↓↓↓

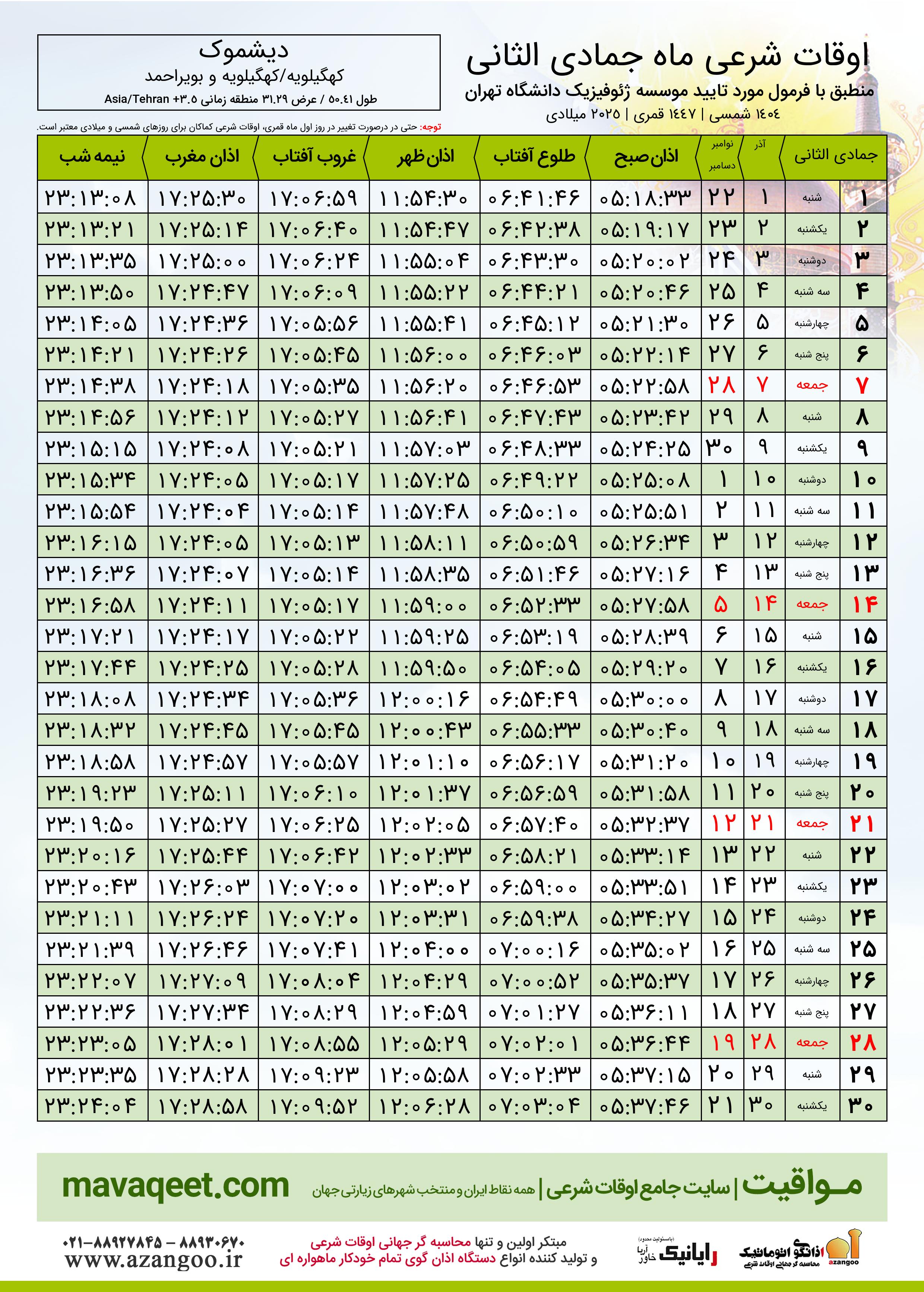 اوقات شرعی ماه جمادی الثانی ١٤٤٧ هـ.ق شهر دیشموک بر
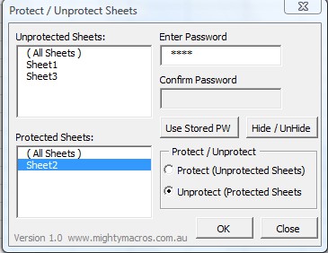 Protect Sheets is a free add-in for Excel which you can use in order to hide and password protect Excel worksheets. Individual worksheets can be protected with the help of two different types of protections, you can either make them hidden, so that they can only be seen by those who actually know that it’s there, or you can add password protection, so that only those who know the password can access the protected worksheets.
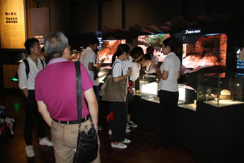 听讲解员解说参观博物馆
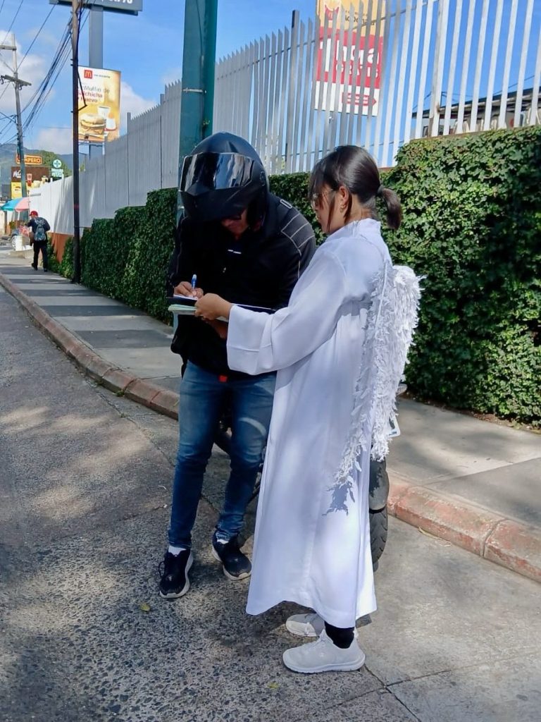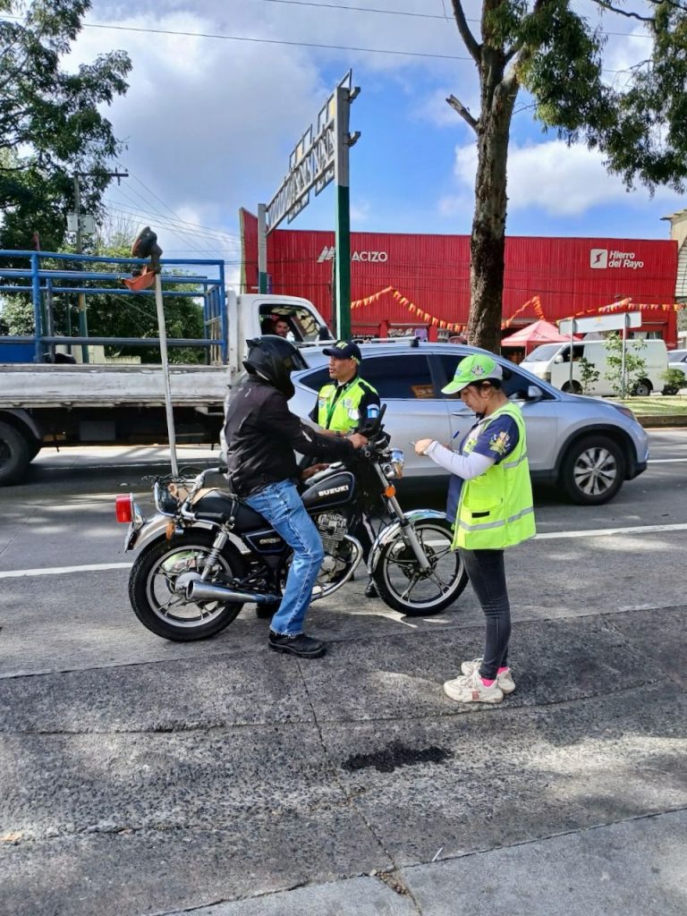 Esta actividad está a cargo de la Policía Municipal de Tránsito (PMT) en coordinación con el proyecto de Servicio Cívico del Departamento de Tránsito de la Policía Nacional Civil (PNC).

↑↑↑

** WHAT IS NEEDED **
Restate the material word for word from its first line through the line containing "听讲解员解说参观博物馆", both included; the pictures do not belong in it.

** ANSWER AREA **
 اوقات شرعی ماه جمادی الثانی ١٤٤٧ هـ.ق شهر دیشموک بر
 Protect Sheets is a free add-in for Excel which you can use in order to hide and password protect Excel worksheets. Individual worksheets can be protected with the help of two different types of protections, you can either make them hidden, so that they can only be seen by those who actually know that it’s there, or you can add password protection, so that only those who know the password can access the protected worksheets.
 听讲解员解说参观博物馆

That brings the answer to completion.